# Technical Glitch



## Bro Darren (Dec 25, 2013)

Last night at 1:30am Aussie Time I received an email earthquake notification from USGS. I didn't read it until after I woke up and heart was filled with panic and grief. 




The USGS is very very accurate with its email notifications so I ran to the TV and switched on the news to find stories about Boxing Day Sales. A big rush of relief ran through me.


----------



## Colby K (Dec 25, 2013)

Im from Western Montana so I too am relieved bro.

Sent From My Freemasonry Pro App


----------



## dfreybur (Dec 26, 2013)

For a magnitude 22 quake you wouldn't need to check email.  You wouldn't even need the news.  As the scale is geometric not linear you could check its validity by noticing if you're in the world or in the afterlife no matter where you are in the world.  The grand architect isn't finished with us yet so no earthquake powerful enough to make the continents no longer recognizable.


----------



## Bro Darren (Dec 26, 2013)

dfreybur said:


> For a magnitude 22 quake you wouldn't need to check email.  You wouldn't even need the news.  As the scale is geometric not linear you could check its validity by noticing if you're in the world or in the afterlife no matter where you are in the world.  The grand architect isn't finished with us yet so no earthquake powerful enough to make the continents no longer recognizable.



Oh without a doubt my brother.
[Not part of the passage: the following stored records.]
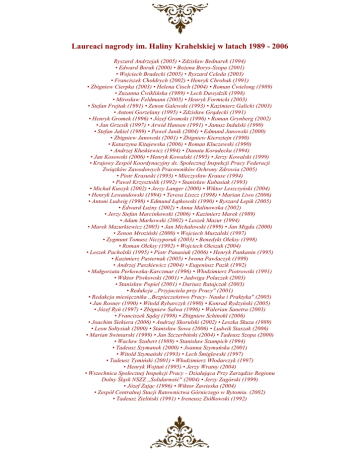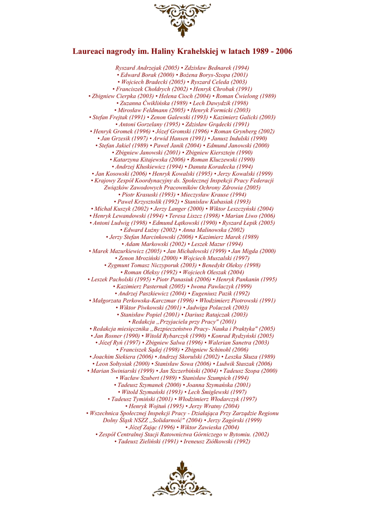 Laureaci nagrody im. Haliny Krahelskiej w latach 1989 - 2006 Ryszard Andrzejak (2005) • Zdzisław Bednarek (1994) • Edward Borak (2000) • Bożena Borys-Szopa (2001) • Wojciech Bradecki (2005) • Ryszard Celeda (2003) • Franciszek Chołdrych (2002) • Henryk Chrobak (1991) • Zbigniew Cierpka (2003) • Helena Cioch (2004) • Roman Ćwielong (1989) • Zuzanna Ćwiklińska (1989) • Lech Dawydzik (1998) • Mirosław Feldmann (2005) • Henryk Formicki (2003) • Stefan Frejtak (1991) • Zenon Galewski (1993) • Kazimierz Galicki (2003) • Antoni Gorzelany (1995) • Zdzisław Grądecki (1991) • Henryk Gromek (1996) • Józef Gromski (1996) • Roman Grynberg (2002) • Jan Grzesik (1997) • Arwid Hansen (1991) • Janusz Indulski (1990) • Stefan Jakiel (1989) • Paweł Janik (2004) • Edmund Janowski (2000) • Zbigniew Janowski (2001) • Zbigniew Kiersztejn (1990) • Katarzyna Kitajewska (2006) • Roman Kluczewski (1990) • Andrzej Kłuskiewicz (1994) • Danuta Koradecka (1994) • Jan Kosowski (2006) • Henryk Kowalski (1995) • Jerzy Kowalski (1999) • Krajowy Zespół Koordynacyjny ds. Społecznej Inspekcji Pracy Federacji Związków Zawodowych Pracowników Ochrony Zdrowia (2005) • Piotr Krasuski (1993) • Mieczysław Krause (1994) • Paweł Krzysztolik (1992) • Stanisław Kubasiak (1993) • Michał Kuszyk (2002) • Jerzy Langer (2000) • Wiktor Leszczyński (2004) • Henryk Lewandowski (1994) • Teresa Liszcz (1998) • Marian Liwo (2006) • Antoni Ludwig (1998) • Edmund Łątkowski (1990) • Ryszard Łepik (2005) • Edward Łużny (2002) • Anna Malinowska (2002) • Jerzy Stefan Marcinkowski (2006) • Kazimierz Marek (1989) • Adam Markowski (2002) • Leszek Mazur (1994) • Marek Mazurkiewicz (2005) • Jan Michałowski (1999) • Jan Migda (2000) • Zenon Mroziński (2000) • Wojciech Muszalski (1997) • Zygmunt Tomasz Niczyporuk (2003) • Benedykt Oleksy (1998) • Roman Oleksy (1992) • Wojciech Oleszak (2004) • Leszek Pacholski (1995) • Piotr Panasiuk (2006) • Henryk Pankanin (1995) • Kazimierz Pasternak (2005) • Iwona Pawlaczyk (1999) • Andrzej Paszkiewicz (2004) • Eugeniusz Pazik (1992) • Małgorzata Perkowska-Karczmar (1996) • Włodzimierz Piotrowski (1991) • Wiktor Piwkowski (2001) • Jadwiga Polaczek (2003) • Stanisław Popiel (2001) • Dariusz Ratajczak (2003) • Redakcja „Przyjaciela przy Pracy" (2001) • Redakcja miesięcznika „Bezpieczeństwo Pracy- Nauka i Praktyka" (2005) • Jan Rosner (1990) • Witold Rybarczyk (1990) • Konrad Rydzyński (2005) • Józef Ryń (1997) • Zbigniew Salwa (1996) • Walerian Sanetra (2003) • Franciszek Sądej (1998) • Zbigniew Schinohl (2006) • Joachim Siekiera (2006) • Andrzej Skorulski (2002) • Leszka Skuza (1989) • Leon Sołtysiak (2000) • Stanisław Sowa (2006) • Ludwik Staszak (2006) • Marian Swiniarski (1999) • Jan Szczerbiński (2004) • Tadeusz Szopa (2000) • Wacław Szubert (1989) • Stanisław Szumpich (1994) • Tadeusz Szymanek (2000) • Joanna Szymańska (2001) • Witold Szymański (1993) • Lech Śmiglewski (1997) • Tadeusz Tymiński (2001) • Włodzimierz Włodarczyk (1997) • Henryk Wojtuń (1995) • Jerzy Wratny (2004) • Wszechnica Społecznej Inspekcji Pracy - Działająca Przy Zarządzie Regionu Dolny Śląsk NSZZ „Solidarność" (2004) • Jerzy Zagórski (1999) • Józef Zając (1996) • Wiktor Zawieska (2004) • Zespół Centralnej Stacji Ratownictwa Górniczego w Bytomiu. (2002) • Tadeusz Zieliński (1991) • Ireneusz Ziółkowski (1992)
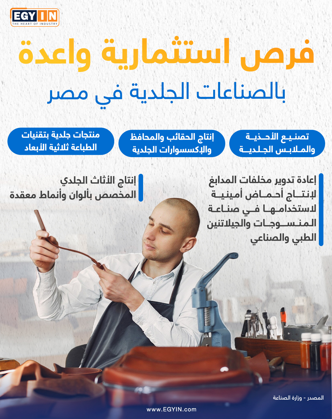 ويستعرض موقع “إيجي إن” من حلال الإنفوجراف التالي، أبرز الفرص الاستثمارية الواعدة بالصناعات الجلدية في مصر خلال 2025، وهي:
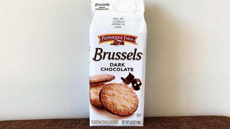 Brussels fall into Pepperidge Farm's "Distinctive Cookies" category, and it's easy to see why. Brussels are a sandwich cookie, with the "bread" consisting of exceptionally thin, pale ivory lace cookies. According to King Arthur Baking, lace cookies have just enough flour to stop them from spreading into each other and off the baking sheet. This means they stay delicate but have enough structure to prevent total collapse.
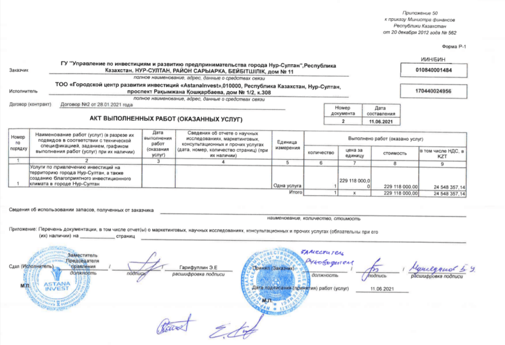 По акту выполненных работ, Городскому центру развития инвестиций «Astanainvest» акимат оплатил 229 млн тенге из 447 млн.
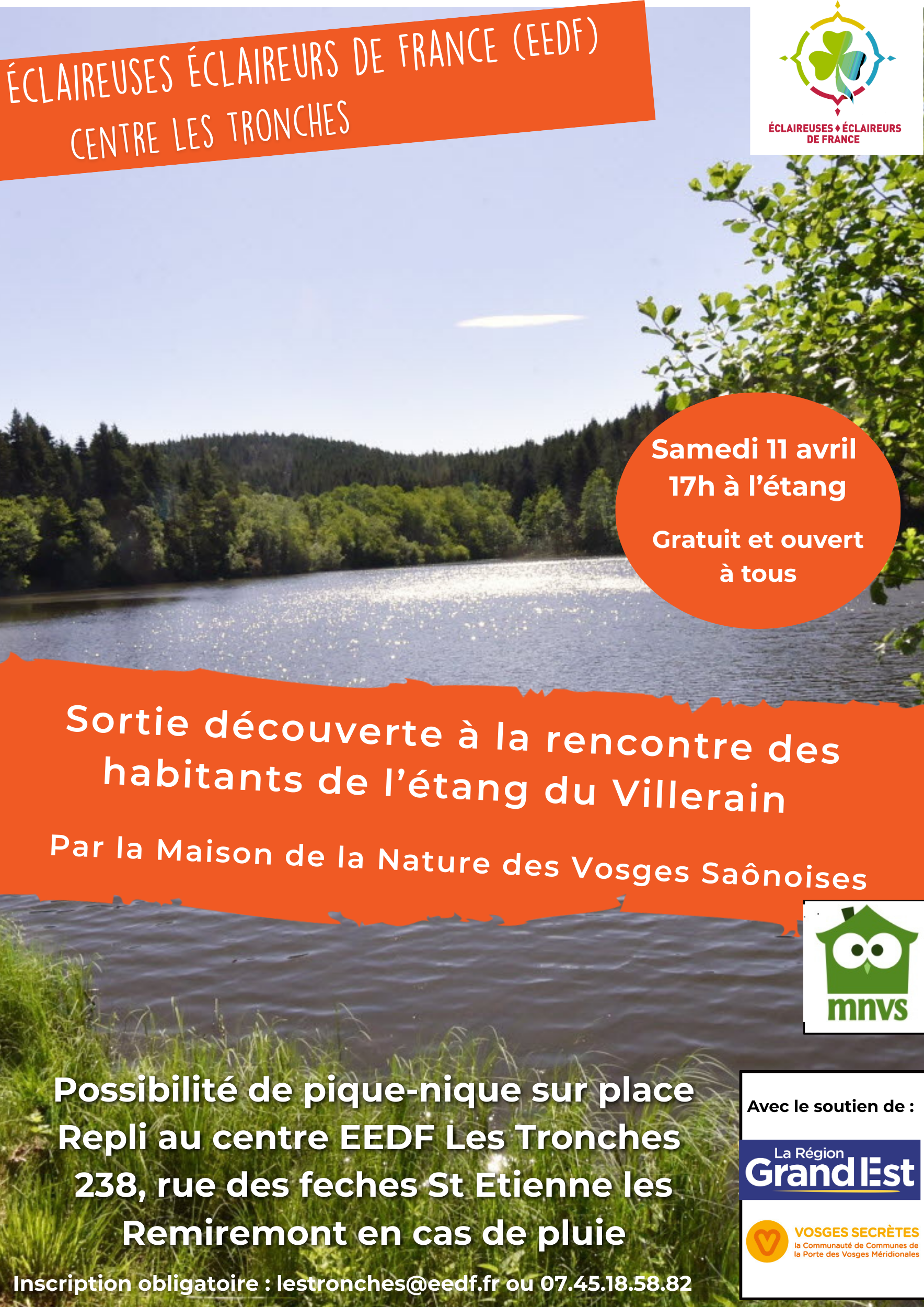 L’association Eclaireuses et Eclaireurs de France, centre les Tronches, vous propose en partenariat avec la communauté de communes de la porte des Vosges Méridionales, de découvrir l’espace naturel sensible « étang du Villerain », notamment sa faune et sa flore.
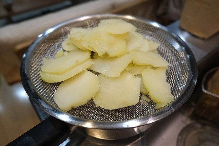 熱湯からあげたばかりのお芋を、平ザルの上で冷ましてみました。先ほど紹介した水を切る、以外にも、食材を冷ます、卵などをこす、生物を干す、などかなり多面的に使用が可能で、とても便利。ザルの底にはちょこんと足がついているので、お皿の上にざるを乗せて、そのまま冷したお蕎麦をいただいているという活用方法もあるんだとか。
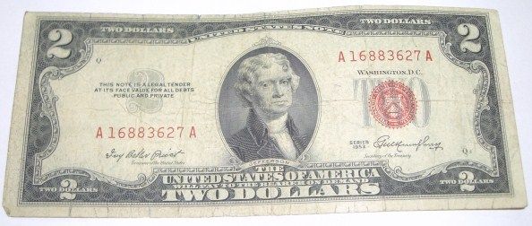 1953 SERIES $2 RED SEAL CERTIFICATE SERIAL # A16883627A *RARE VERY FINE GRADE*! ***Coin, Currency & All Items Listed in this auction - Grades, Conditions and Values are not Safe Deposit Coins LLC Responsibilty. Grades, Condition and Values are determined by Consigner(s) & Buyers ONLY
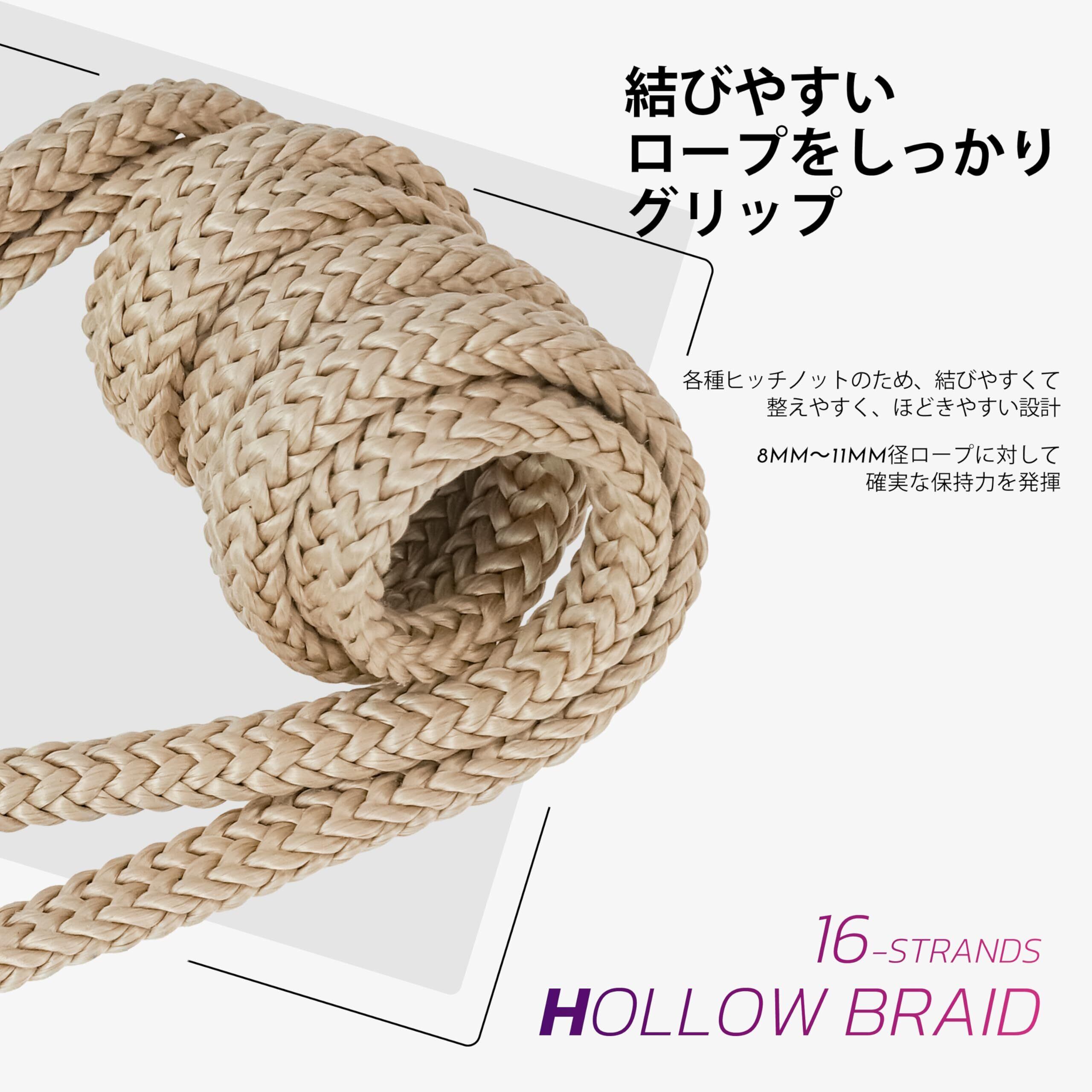 中空編み構造◆◆16-ストランドの中空編み構造は柔らかくて扱いやすいです。芯のない中空編み構造はより力強く締めることができ、ライン/ロープに対する優れるグリップ力を発揮できます。また、ノットを結ぶことも解くことも簡単にできます。
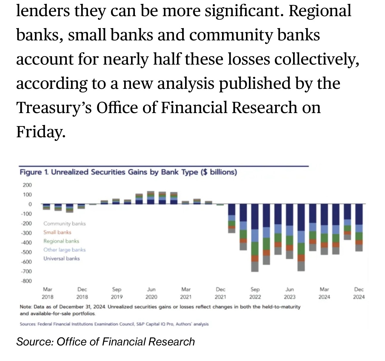 根據(jù)美國聯(lián)邦存款保險公司的最新季度數(shù)據(jù),2024年第四季度,美國銀行債券持有的“未實現(xiàn)損失”總額進一步擴大,達到4820億美元,自9月底以來增加了1180億美元。而根據(jù)美國財政部金融研究辦公室此前發(fā)布的一份報告,地區(qū)性銀行、小型銀行和社區(qū)銀行共同承擔了這些損失的近一半。
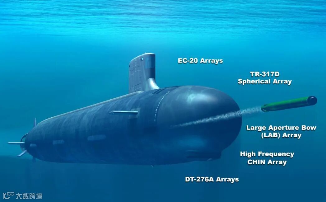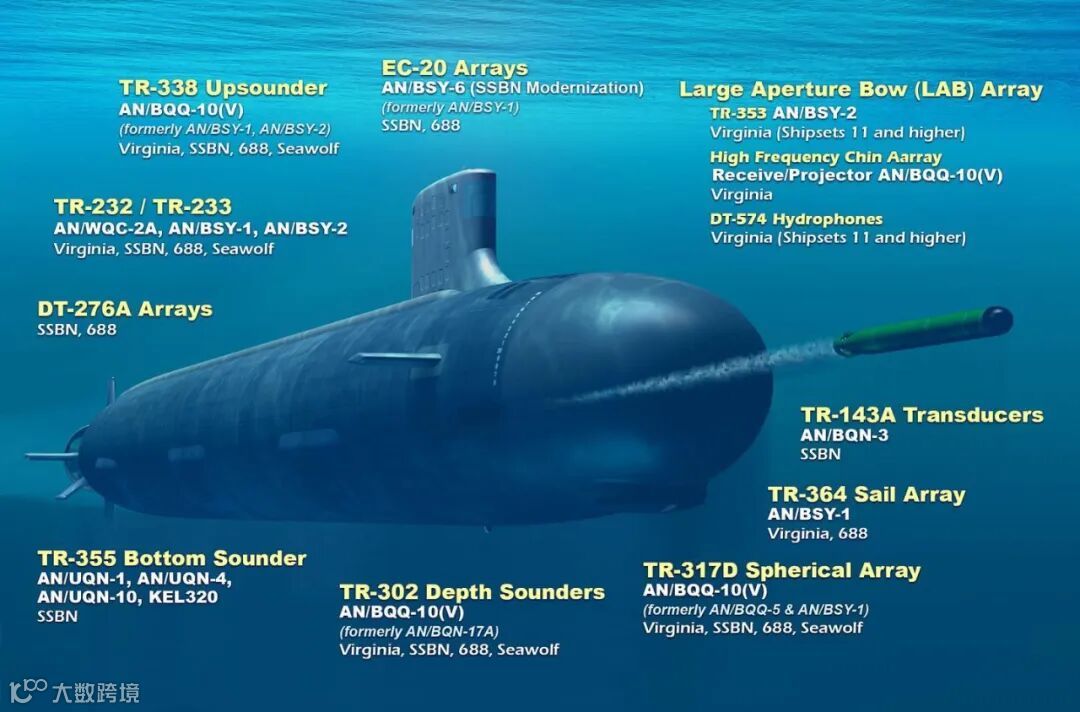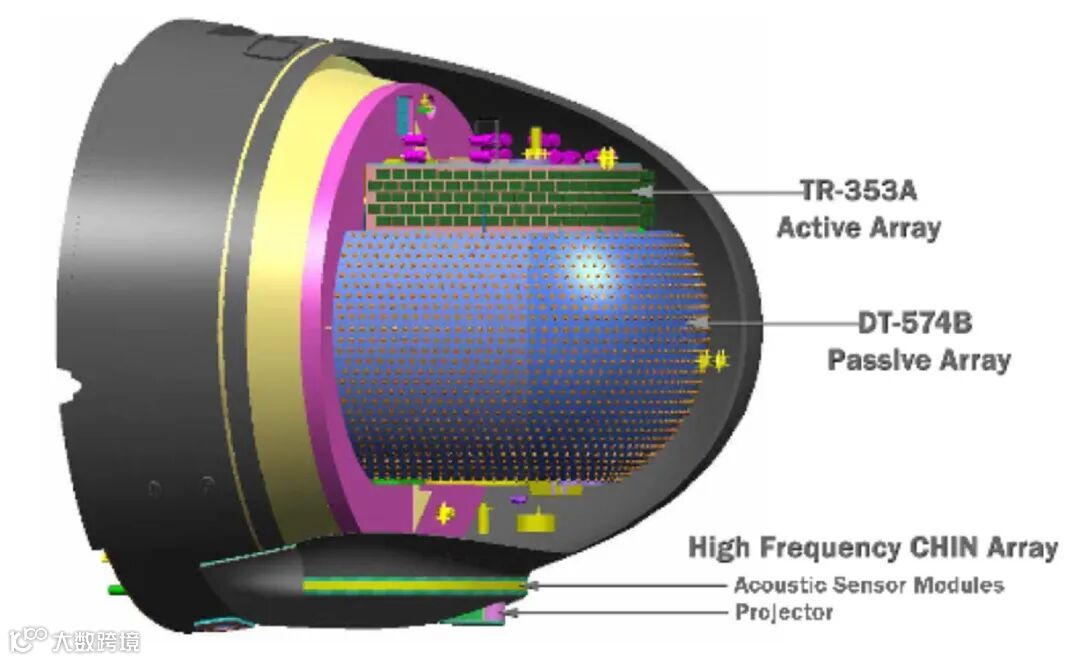 首先看看美国海军大洋利刃”弗吉尼亚“级Block III型核动力攻击型潜艇,其新型大孔径艏阵(LAB,Large Aperture Bow)声纳中使用的DT-574B水听器和TR-353A换能器,LAB声呐阵列取代了TR-317D有源/无源球形阵列,LAB包含1822个DT-574B水听器的被动阵列,以及包含188个TR-353A换能器的有源阵列。其中一图为”弗吉尼亚“级Block I/II和,接着那一图就是“已变形”那图,为”洛杉矶“级使用的TR-317有源/无源球形阵列,供参考对比,后面是安装橡胶窗之前的高频下巴阵列(HFCA,水雷探测声纳)的声音发射器。当面这么设计好处,不言而喻,主要得益于潜艇鱼雷管的布置。

I was still in that moment of waking up feeling pretty under the weather due to sleeping in a tent with my 4 year old on an air mattress that deflated around 50% and I has not had my morning dose of caffeine.


----------



## dfreybur (Dec 26, 2013)

Bro Darren said:


> ... not had my morning dose of caffeine.



"The other vitamin C"  or I call it "morning holy water"!


----------



## Bro Darren (Dec 26, 2013)

I love my morning caffeine fix and would hate to image life without it.


----------